#### Your objective:
Please copy, exactly as they appear below, the lines from the one containing "杭州湾上虞经济技术开发区,2" through the one containing "Bis zur Bachquerung".

Extracted records

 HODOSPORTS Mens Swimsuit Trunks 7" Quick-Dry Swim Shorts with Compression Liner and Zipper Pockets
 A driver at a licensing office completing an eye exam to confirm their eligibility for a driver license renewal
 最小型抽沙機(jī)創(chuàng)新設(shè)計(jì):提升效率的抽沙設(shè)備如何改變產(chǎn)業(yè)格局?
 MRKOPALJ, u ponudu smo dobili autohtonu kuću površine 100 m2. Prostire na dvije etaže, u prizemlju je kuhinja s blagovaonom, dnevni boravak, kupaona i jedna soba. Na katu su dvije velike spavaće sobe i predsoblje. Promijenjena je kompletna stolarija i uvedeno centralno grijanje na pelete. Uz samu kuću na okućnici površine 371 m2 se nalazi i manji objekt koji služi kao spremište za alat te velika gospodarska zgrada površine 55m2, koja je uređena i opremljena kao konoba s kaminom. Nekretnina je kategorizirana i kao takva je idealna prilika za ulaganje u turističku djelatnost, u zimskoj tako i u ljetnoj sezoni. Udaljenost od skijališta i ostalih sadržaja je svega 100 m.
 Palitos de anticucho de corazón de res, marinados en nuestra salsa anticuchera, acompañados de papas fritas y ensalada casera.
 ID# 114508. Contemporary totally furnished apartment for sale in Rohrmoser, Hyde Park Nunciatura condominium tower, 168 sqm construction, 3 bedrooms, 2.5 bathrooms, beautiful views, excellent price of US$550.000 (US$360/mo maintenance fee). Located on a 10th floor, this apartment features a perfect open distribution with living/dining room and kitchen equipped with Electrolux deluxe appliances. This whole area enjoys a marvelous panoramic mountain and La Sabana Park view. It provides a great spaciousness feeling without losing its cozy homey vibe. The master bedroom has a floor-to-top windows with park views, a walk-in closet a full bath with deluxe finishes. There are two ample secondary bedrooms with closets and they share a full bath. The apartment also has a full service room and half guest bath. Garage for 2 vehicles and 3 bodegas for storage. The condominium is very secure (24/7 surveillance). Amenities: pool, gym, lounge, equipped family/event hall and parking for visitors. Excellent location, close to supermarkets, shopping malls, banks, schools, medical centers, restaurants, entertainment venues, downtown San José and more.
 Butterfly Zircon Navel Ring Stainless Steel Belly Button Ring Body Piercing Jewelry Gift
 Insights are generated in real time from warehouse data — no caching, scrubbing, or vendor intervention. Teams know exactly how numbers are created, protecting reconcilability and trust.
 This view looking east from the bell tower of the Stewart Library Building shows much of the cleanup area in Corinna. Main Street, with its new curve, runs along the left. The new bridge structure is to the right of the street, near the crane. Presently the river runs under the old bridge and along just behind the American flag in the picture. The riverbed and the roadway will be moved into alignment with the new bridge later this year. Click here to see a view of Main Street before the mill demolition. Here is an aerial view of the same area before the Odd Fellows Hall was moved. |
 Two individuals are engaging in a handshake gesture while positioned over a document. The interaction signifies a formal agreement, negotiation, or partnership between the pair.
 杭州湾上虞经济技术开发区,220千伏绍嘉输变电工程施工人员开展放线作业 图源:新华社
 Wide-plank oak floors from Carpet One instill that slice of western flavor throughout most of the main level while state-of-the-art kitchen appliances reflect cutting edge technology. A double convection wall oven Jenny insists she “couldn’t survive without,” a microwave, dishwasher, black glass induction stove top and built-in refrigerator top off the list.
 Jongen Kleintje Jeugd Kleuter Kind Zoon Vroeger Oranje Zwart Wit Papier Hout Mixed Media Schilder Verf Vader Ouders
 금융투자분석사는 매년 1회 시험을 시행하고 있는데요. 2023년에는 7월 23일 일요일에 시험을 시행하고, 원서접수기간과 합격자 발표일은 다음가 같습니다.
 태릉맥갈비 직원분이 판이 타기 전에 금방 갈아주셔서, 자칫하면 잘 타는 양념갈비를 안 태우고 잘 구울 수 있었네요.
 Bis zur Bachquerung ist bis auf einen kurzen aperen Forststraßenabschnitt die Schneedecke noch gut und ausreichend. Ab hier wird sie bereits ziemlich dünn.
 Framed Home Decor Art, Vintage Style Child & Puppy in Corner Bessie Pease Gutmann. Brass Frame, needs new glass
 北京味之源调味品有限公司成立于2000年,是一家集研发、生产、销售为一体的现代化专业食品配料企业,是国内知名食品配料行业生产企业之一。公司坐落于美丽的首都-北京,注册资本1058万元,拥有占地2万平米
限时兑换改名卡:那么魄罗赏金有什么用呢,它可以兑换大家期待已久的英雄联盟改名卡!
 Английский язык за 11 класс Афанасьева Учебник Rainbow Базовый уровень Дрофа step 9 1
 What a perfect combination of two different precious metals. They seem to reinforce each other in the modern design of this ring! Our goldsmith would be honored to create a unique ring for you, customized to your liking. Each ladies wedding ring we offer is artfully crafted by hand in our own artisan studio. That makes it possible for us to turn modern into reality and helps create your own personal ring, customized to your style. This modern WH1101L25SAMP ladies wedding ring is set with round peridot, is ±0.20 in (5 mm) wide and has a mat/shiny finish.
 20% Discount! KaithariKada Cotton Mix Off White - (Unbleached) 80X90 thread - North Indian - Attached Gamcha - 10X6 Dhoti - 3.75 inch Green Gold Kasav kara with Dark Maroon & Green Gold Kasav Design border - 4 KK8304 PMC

#### Exercise solution:
 杭州湾上虞经济技术开发区,220千伏绍嘉输变电工程施工人员开展放线作业 图源:新华社
 Wide-plank oak floors from Carpet One instill that slice of western flavor throughout most of the main level while state-of-the-art kitchen appliances reflect cutting edge technology. A double convection wall oven Jenny insists she “couldn’t survive without,” a microwave, dishwasher, black glass induction stove top and built-in refrigerator top off the list.
 Jongen Kleintje Jeugd Kleuter Kind Zoon Vroeger Oranje Zwart Wit Papier Hout Mixed Media Schilder Verf Vader Ouders
 금융투자분석사는 매년 1회 시험을 시행하고 있는데요. 2023년에는 7월 23일 일요일에 시험을 시행하고, 원서접수기간과 합격자 발표일은 다음가 같습니다.
 태릉맥갈비 직원분이 판이 타기 전에 금방 갈아주셔서, 자칫하면 잘 타는 양념갈비를 안 태우고 잘 구울 수 있었네요.
 Bis zur Bachquerung ist bis auf einen kurzen aperen Forststraßenabschnitt die Schneedecke noch gut und ausreichend. Ab hier wird sie bereits ziemlich dünn.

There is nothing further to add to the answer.